Why am I babbling about this?  Because as I sit in the dining room of the home we have rented here in Arlington, Virginia, surveying the (thankfully only) modest disarray outside - the leaves, the downed branches, the overturned lawn chairs, the spilled & spewing garbage bins - I'm also listening to birds muttering to themselves, I'm hearing cars sssshhhiissssing by on the wet streets, presumably carrying people to work, I'm texting with our temporary landlords about when they can have a heating repairman come to look at the furnace without disturbing our morning.  I'm hearing daily life resume.  And I think to myself that we don't actually know ourselves but only the story of ourselves.  We tell the story to ourselves or to someone else.  And if, as I say, the telling of a thing changes that thing itself, or our understanding of that thing, then is it true that the only way we can truly know ourselves is to enact that telling that over and over and over again?  Can it be that self-knowledge is not a static kind of knowledge but a kind of ongoing investigation, a never-ending story, a verb instead of a noun?
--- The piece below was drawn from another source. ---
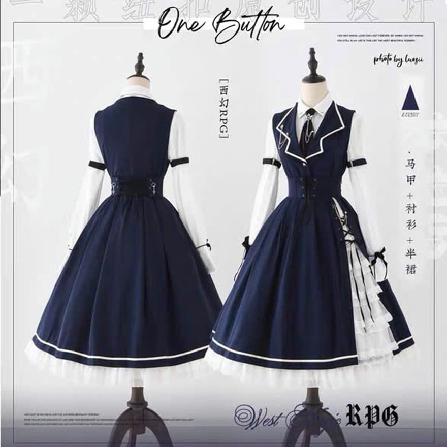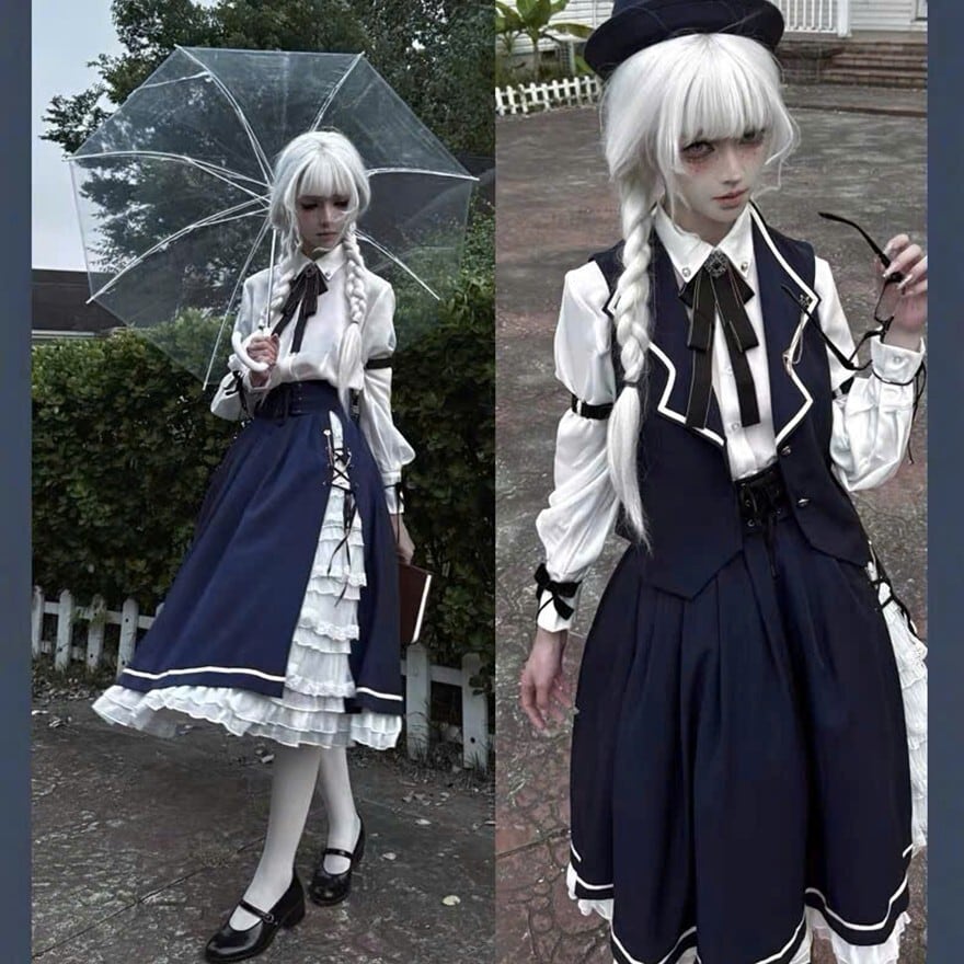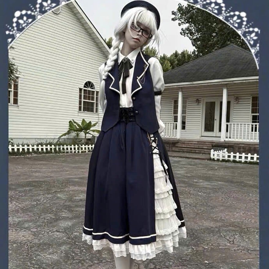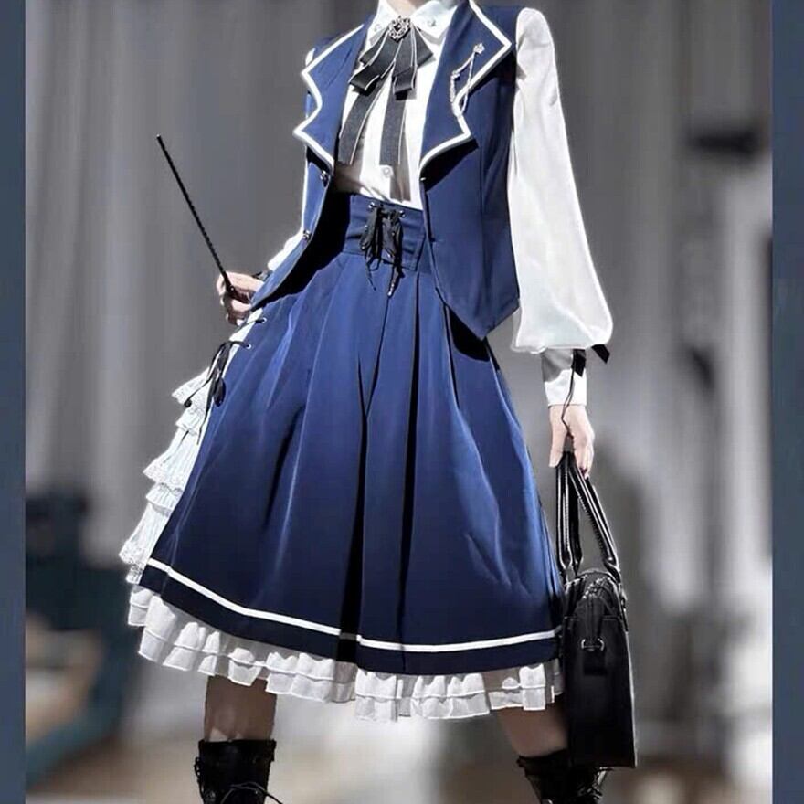 ネイビー(濃紺)を基調とし、ホワイトのパイピングとレースフリルがアクセントになった、ケープ、ベスト、ブラウス、スカートの四点からなるセットアップです。

This is all sounding a bit late-night-collegiate, I'm afraid - my apologies.  I generally try to wean myself from the first person plural or a preponderance of -isms and -tions.  It starts sounding like what it is - some kid who read a lot of Dostoevsky and thought that, because he understood about 25% of it, he could be the next great social commentator himself.

But maybe I'll leave you with these provocative questions - and know that today, sitting in a heat-challenged dining room in Arlington, Virginia, I am asking them also of myself:

What parts of your own story have you changed?  
And what parts of your story have changed you?